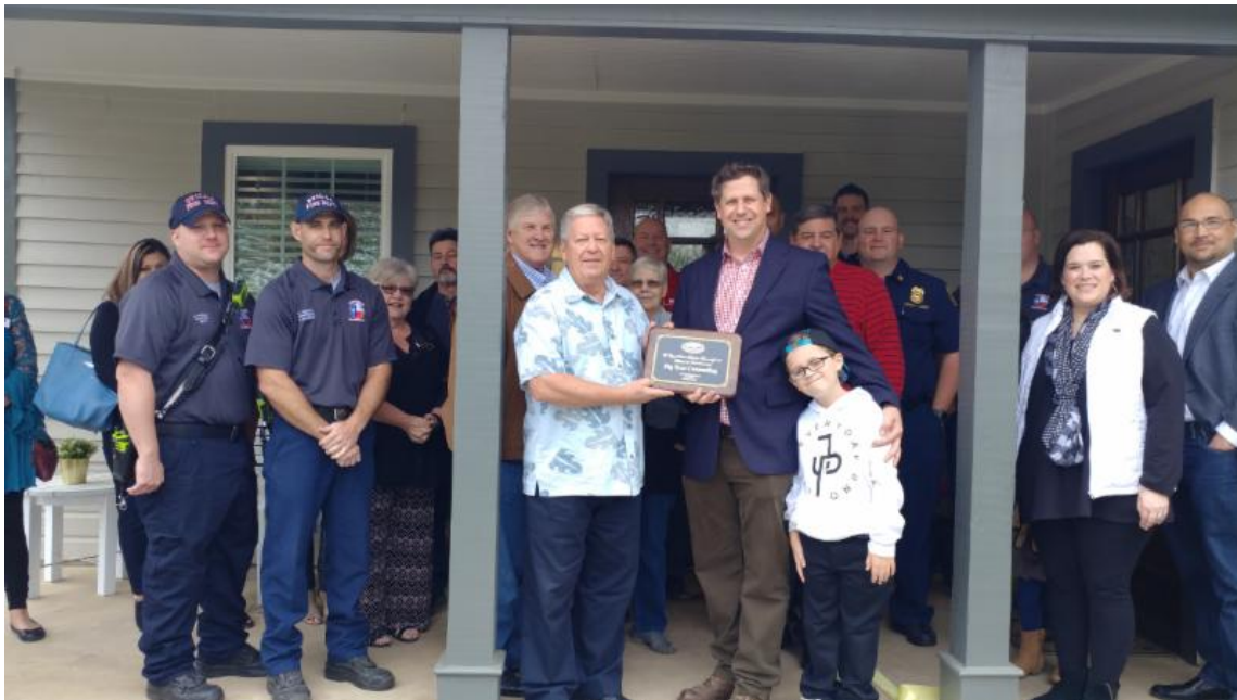
Fig Tree Counseling
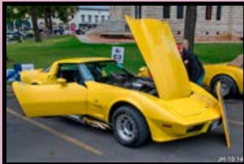
Bud & Ruth's C3 Coupe
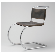
Ludwig Mies van der Rohe, MR10 chair, 1927 housed at the National Crafts Museum, Photo: S&T PHOTO © 2021

Design is an approach to a new type of manufacturing intended to address issues that emerged through modernization. This exhibition traces design currents from a roughly 100-year period through works in the museum collection, beginning with the Arts and Crafts movement of the late 19th century, and continuing on to modern design, as exemplified by Art Déco, Art Nouveau, and the Bauhaus, and post-World War II developments.
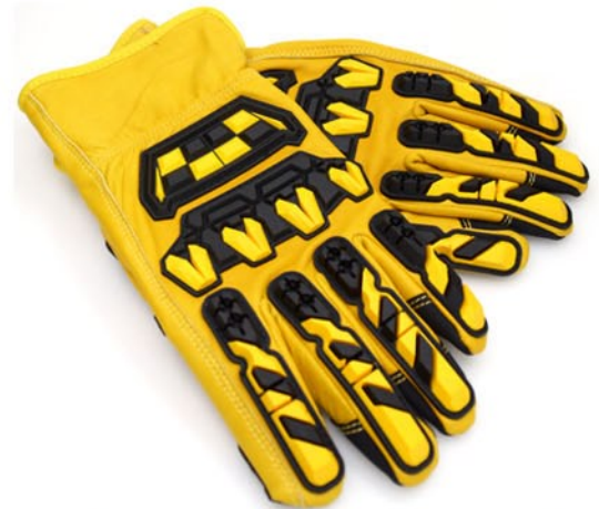
Code : SS-1528
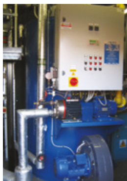
1500 kg/h Unit
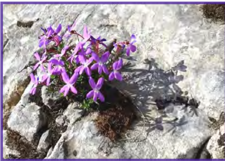
Viola delphinantha on Mt. Olimbos

So another quarter century elapses, and after an enchanting day visiting the botanic garden in Reykjavik, Iceland (Icelandic airlines encourages layovers), five days in Copenhagen studying in the Herbarium and their remarkable botanic garden, a few days getting our bearings in Istanbul, and preparing for our first destination a few hours southwards, across the Bosphorus in Asia, we begin our journey with a quick ascent on the Teleferik onto the slopes Ulu Dag above Bursa: for what we saw and what happened next, you'll have to come to my talk in a few weeks time! ✨
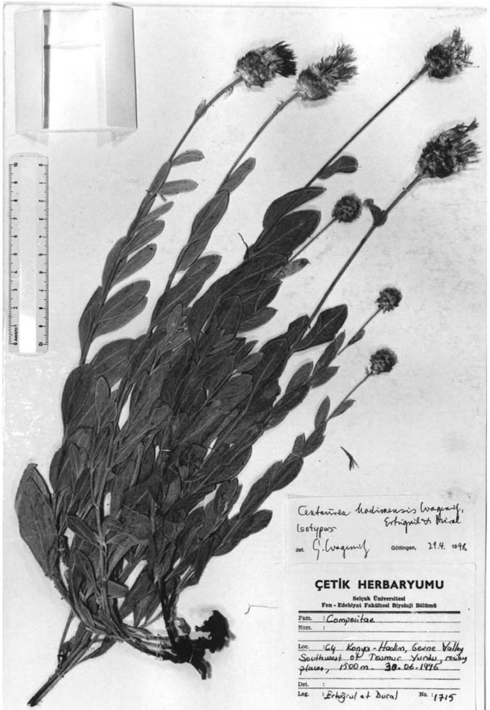
Fig. 1. Centaurea hadimensis (isotype at GOET).
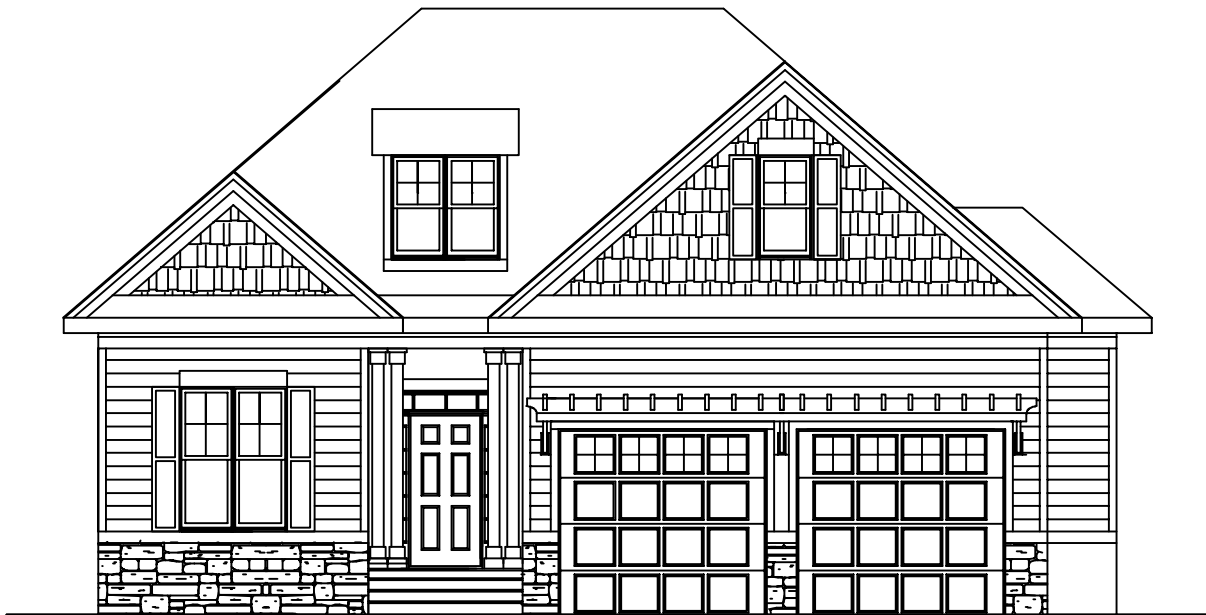
"The Cottage I" Elevation "A"
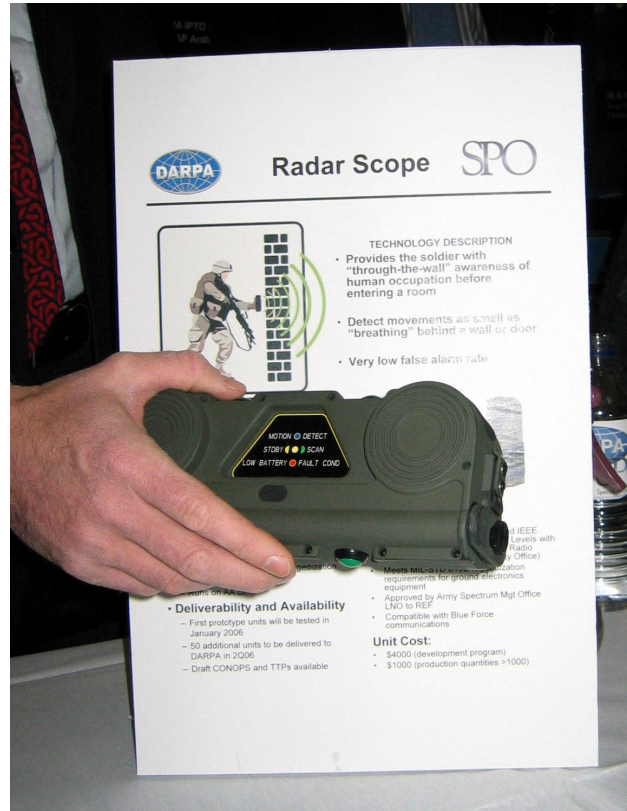
Radar Scope to sense through walls

- EXERCISE DESCRIPTION
Select every line of the material above holding the word "Crafts" and copy it.

- TASK RESPONSE
Ludwig Mies van der Rohe, MR10 chair, 1927 housed at the National Crafts Museum, Photo: S&T PHOTO © 2021
Design is an approach to a new type of manufacturing intended to address issues that emerged through modernization. This exhibition traces design currents from a roughly 100-year period through works in the museum collection, beginning with the Arts and Crafts movement of the late 19th century, and continuing on to modern design, as exemplified by Art Déco, Art Nouveau, and the Bauhaus, and post-World War II developments.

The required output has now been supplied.